You can also put grains and beans in a slow cooker to let them soak for a few hours before cooking. This releases the phytic acid that binds minerals and makes the food not only more nutritious but easier to digest as well.
You’ll digest and use your foods best if you eat small meals and snacks throughout the day and evening. Eat something every one to three hours.
Your body needs protein to heal. I typically don’t eat any red meat, but after major surgery I probably ate brisket several times a day for the first six weeks. I was like a junky who couldn’t get enough. Red meat is a protein similar to my own muscle protein. My body needed it to heal. The following list offers great ways to get protein into your diet:
Bone broths, vegetable broths, miso broth.
Soups: You can add sea vegetables to add minerals.
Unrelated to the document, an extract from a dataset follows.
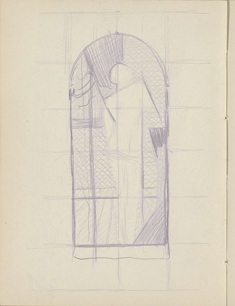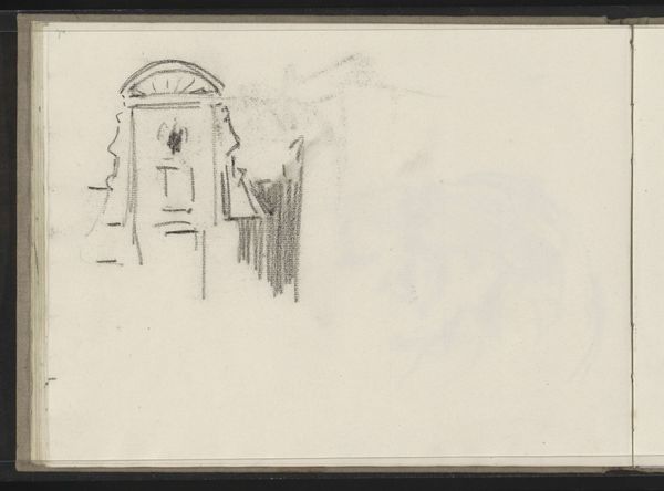 Curator: So, here we have "Facade of a Building", a pencil drawing on paper created around 1901 by Gerrit Willem Dijsselhof. It's currently housed here at the Rijksmuseum. Editor: Well, my first impression is a bit raw, you know? It's just sketched, like a thought captured quickly. I dig the raw lines—almost feels like peeking into the artist's brain while he's designing this thing. A bit rough, like seeing the bones before the flesh. Curator: Exactly. The sketch showcases Dijsselhof's clear engagement with Art Nouveau. This style embraced ornamentation and natural forms. Think about the historical context: architects wanted to move away from industrial design and mass-produced elements. Dijsselhof captures this sentiment perfectly here, focusing on detail and handcrafted aesthetic values. Editor: Oh, yeah, I totally see the Art Nouveau thing. But what grabs me are the strange shapes that almost seem to be forming eyes or faces, hidden amongst the detail of the structure itself, and is that foliage? The suggestion of foliage, I mean. Gives it this kind of organic, almost fantastical vibe like a living building, you know? A building that’s breathing or dreaming something into being. Curator: Yes, I understand, but in this study for an architectural element you can also recognize how structures could also be interpreted to embody organic attributes and carry a certain status in the collective conscious through architectural detail. The aesthetic is about harmonizing form with natural growth and cultural value, expressing a kind of socio-artistic utopian vision. Editor: Interesting. You’ve given me a lot to think about. I’m wondering whether I was more focused on how this thing actually ‘feels’. Now, the questions start to come. Which kind of building was Dijsselhof imagining? What was the goal when he captured it so quickly on paper? And ultimately I just wonder how different his concept of the facade finally looks compared to his initial design… Curator: Those are certainly insightful questions, ones I invite visitors to contemplate on their own after this short introductory, perhaps? As always, observing art helps us understanding cultural context while exploring different visions on how these interact, don't you think? Editor: Absolutely! You know, every work holds more stories than its original intention allows it to tell. It will depend on who gazes at it to enrich these even more…

Well-cooked meats, such as brisket or stews, or chicken that was boiled.
Bone marrow: You can take beef bones and roast them to eat the marrow. This is very nourishing.
Stews: vegetables plus protein, perhaps some grain or potatoes or yams.
Eggs: poached, soft-boiled. Buy organic eggs, fresh and local if possible.
Dairy: You may or may not thrive on dairy. Try some goat’s milk kefir to begin with. Try some homemade yogurt, either with sheep’s or goat’s milk. If raw (fresh) milk is available in your area, you may want to try drinking some raw
milk or making yogurt or kefir from raw milk. You can also make kefir or yogurt with coconut water, coconut milk, or soy milk.